Mas qualquer uma pode ser usada, o que importa é que você tire fotos bonitas.
– Hum… e camelo, Vô? Veio daí também? É por causa da corcova redonda?
– Não, essa vem do Grego kámelos, do Fenício gamal, o nome do bicho. Mas, se você anda atrás de derivados de kam-, mesmo que distantes, posso citar cambaio. Essa palavra que designa “de pernas tortas, estropiado”, veio dessa sua nova conhecida.
O mesmo podemos dizer de cambalhota, que é “descrever curvas girando com o corpo”. E de cambota, “peça em arco, armação arredondada”. E que pode ser usada como sinônimo de cambaio também.
– Ih, Vô, algumas eu não conheço, acho que nem se usam mais!
– Devo reconhecer que não fazem parte do vocabulário da maioria na atualidade
– deu um suspiro – mas também, com essa falta de cultura…
Enfim, devemos fazer o que podemos. E o MEU neto não vai ser inculto, ou vou ter que usar uma vara para ajeitar isso!
Eu sabia perfeitamente que a ameaça era apenas retórica, mas fiz uma cara de aterrorizado. E ele fingiu que acreditou; a gente se gostava muito. Prosseguiu ele:
– Da mesma origem, contamos também com o verbo cambar, que quer dizer
“entortar, caminhar de pernas tortas, fazer com que algo se incline”.
E deste verbo veio o cambão ou cambo, uma vara recurvada na ponta para colher frutas na ponta dos galhos.
Fiz uma cara de inocente:
– Ué, mas as frutas não vêm do supermercado?
– Não provoque, rapazinho, que até eu sei que você não é tão burro como aparenta. Ainda me lembro de usar um cambão no sítio do meu avô. E não pergunte se o Brasil já tinha sido descoberto.
– Ah, tá, Vô…
– Temos também o termo náutico cambona, que descreve uma mudança repentina no curso de uma embarcação, uma curva pronunciada. E que se aplica também a um carro de bois, já que eles são mantidos juntos por um jugo ou canga. Palavra que, aliás, vem do Celta cambica, que vem de.. de…
– Kam! – disse eu, trunfante.
– Impressionante como este meu neto anda sabido ultimamente. E, se os bois estão muito cansados e começam a andar torto, ou seja, cambalear?
Sabendo que ele gostava de preparar armadilhas, hesitei.
– Fique tranqüilo, rapaz, a origem é a mesma.
E quando você vir seus pais usando uma peça de roupa para não saírem da cama com aquele jeito amarfanhado de repolho que a gente costuma ter ao acordar, o chambre, lembre-se dos homens em alguma caverna, há uns dez mil anos…
– O quê, Vô, eles usavam um chambre sobre as peles de urso?

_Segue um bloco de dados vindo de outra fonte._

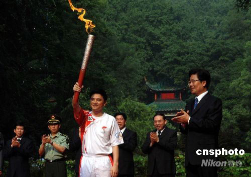 6月4日,奧運(yùn)會(huì)跳水冠軍、湖南省體育局的副局長(zhǎng)熊倪在愛(ài)晚亭前從湖南省委書(shū)記張春賢手中接過(guò)火炬,開(kāi)始奧運(yùn)圣火長(zhǎng)沙站傳遞。中新社發(fā) 廖攀 攝

– Nãão, seu desastrado, espere a gente terminar de falar! Eu estava dizendo que, nessa ocasião, você deve se lembrar que o nome dessa peça vem do Francês robe
de chambre, “roupa de quarto”, sendo que chambre vem de…
– Do Latim camara, do Indo-Europeu kam-! – gritei.
– Muito bem, você ainda vai ser um grande etimologista como este seu modesto avô.
Mas por hoje chega. Vamos brincar um pouco com o gato, que já dormiu bastante e precisa de exercício.